The Stuxnet worm, which brought a large part of the Iranian nuclear programme to a standstill, was just the beginning. The Stuxnet is so complex that many believe a foreign government was behind the attack, probably the US and Israel together. China is also believed to carry out in cyber sabotage. Nowadays, every conflict has a cyber element, says Aart Jochem from the Dutch government’s GovCERT, the Cyber security and Incident Response Team:
*“You see certain conflicts are being fought and are reinforced by attacks on the internet. You see it with WikiLeaks, in which the conflict between the US and WikiLeaks is manifested in all kinds of cyber conflicts.”*
The era of fun computer viruses is over, says Mr Jochem. *“At the end of the eighties you saw a little figure cross your screen and jumble up what was on it.”* Now organised crime has tens of thousands of forms of malware. They can do anything from emptying internet accounts to threatening government systems.

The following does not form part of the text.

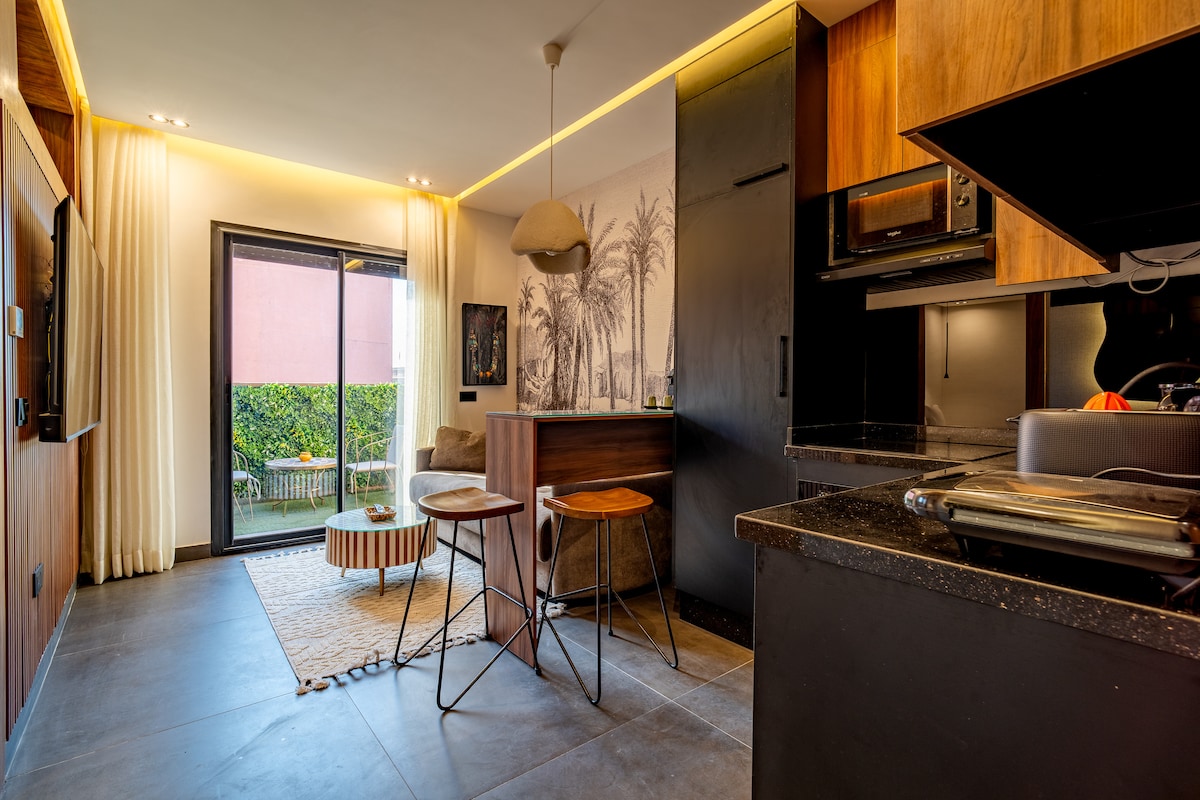 Bienvenue dans votre oasis privée au cœur de Marrakech un studio à l’inspiration tropicale, conçu autour d’un concept pur et apaisant. Ici, chaque détail invite à la détente, entre nature, lumière et confort moderne •le petit bassin privé en plein air pour un moment de bien-être • Douche extérieure rafraîchissante, ambiance naturelle • Terrasse tropicale idéale pour se détendre ou partager un repas • Décoration soignée aux tons naturels et matériaux.

These days, being a cyber criminal can be a full time job. They work hard to evade the investigators, and earn more than they would in the drugs trade. Meanwhile, GovCERT is also working overtime. It doesn’t have investigative powers, but works closely with the police and Public Prosecution Office and uses the expertise of anti-virus companies to limit damage.
You don’t have to do something stupid to get a computer virus, says Eddy Willems of the anti-virus company G Data.
*“Even the internet is a threat. It sounds stupid, but all you have to do is enter an infected website and you’ve got problems. Where floppy disks used to be used to spread viruses now it’s done via USB sticks. They are just as dangerous or even more dangerous. And then there’s the threat to large companies, organisations or even governments called cyber espionage or cyber sabotage.”*
There are around 200 CERT teams in 43 countries around the world. Each works for a specific group, such as governments or hospitals. The Netherlands, well-known as a hub of cyber technology, is using its vast expertise to help others. The Dutch helped South Africa set up a CERT team and Dutch software is being used by 20 countries to spot new threats on the internet. Likewise, other countries pass their information on to the Dutch.
*“This helps you catch up with the cyber criminals, who also cooperate internationally. If you had to develop it yourself, you wouldn’t be able to keep up the pace.”*
Nevertheless the chance of catching cyber criminals is small. As a result they are becoming more professional and are setting their sights on new targets.
Public services have become more aware than ever before how vulnerable they are, says Mr Jochem.
*“You see they are behind in technology and software updates. In the old days that wasn’t a problem because their systems were not connected to the internet and were therefore difficult to infect. But Stuxnet shows that even these systems could be infected.”*
The danger is that updates can cause systems to malfunction, because new software is not compatible. According to Mr Jochem, the risks and the costs have to be considered. But even if all software is replaced, it is out of date within a year. It’s a continuous process and nothing is 100 percent secure.